One thought on “Misplaced Blame: Why We Hate Our Computers”

  1. Hi :)

    I originally came here following a link from a page that deserves no further linkage, to your page here on the Dvorak Keyboard (for which, thanks very much for helping to combat misinformation).

    After browsing your (interesting!) website for a while, I found myself here, and was tempted to comment because I, too, find myself often becoming frustrated by the ‘behaviour of the machine’.

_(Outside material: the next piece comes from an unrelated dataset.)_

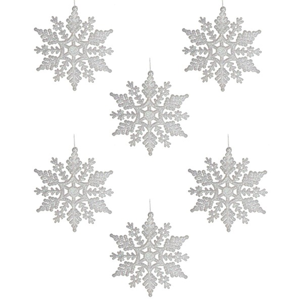 Glitter Snowflake Christmas Decorations Pack of 6-10cm Hanging Decorations (White)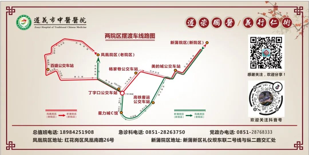 遵义市中医院春节应诊公告 急诊科电话:28263750 恭祝全市人民新年快乐! 身体健康! 凤凰院区 地址:红花岗区凤凰南路8号 新蒲院区 地址:新蒲新区东联二号线与合兴大道交叉口 温馨提示 1.放假期间,门诊按上表排班坐诊。

    However, the focus of my ire isn’t so much ‘the computer’ itself (although I’ve no doubt that’s the way it may appear to anyone watching me have one of my little hissy fits): it’s poor design. Having played and worked (and played some more) with computer systems for the best part of four decades, I’ve come to believe that the common factor, more often than not, is that there’s really no need for whatever-it-is to have happened had some part of the system been designed properly in the first place.

    You might say that, while my rants appear to be directed at the machine, that’s purely a matter of accident of location: my annoyance is really directed at whichever incompetent is responsible for having placed me in a situation where I can be frustrated by [insert widget here].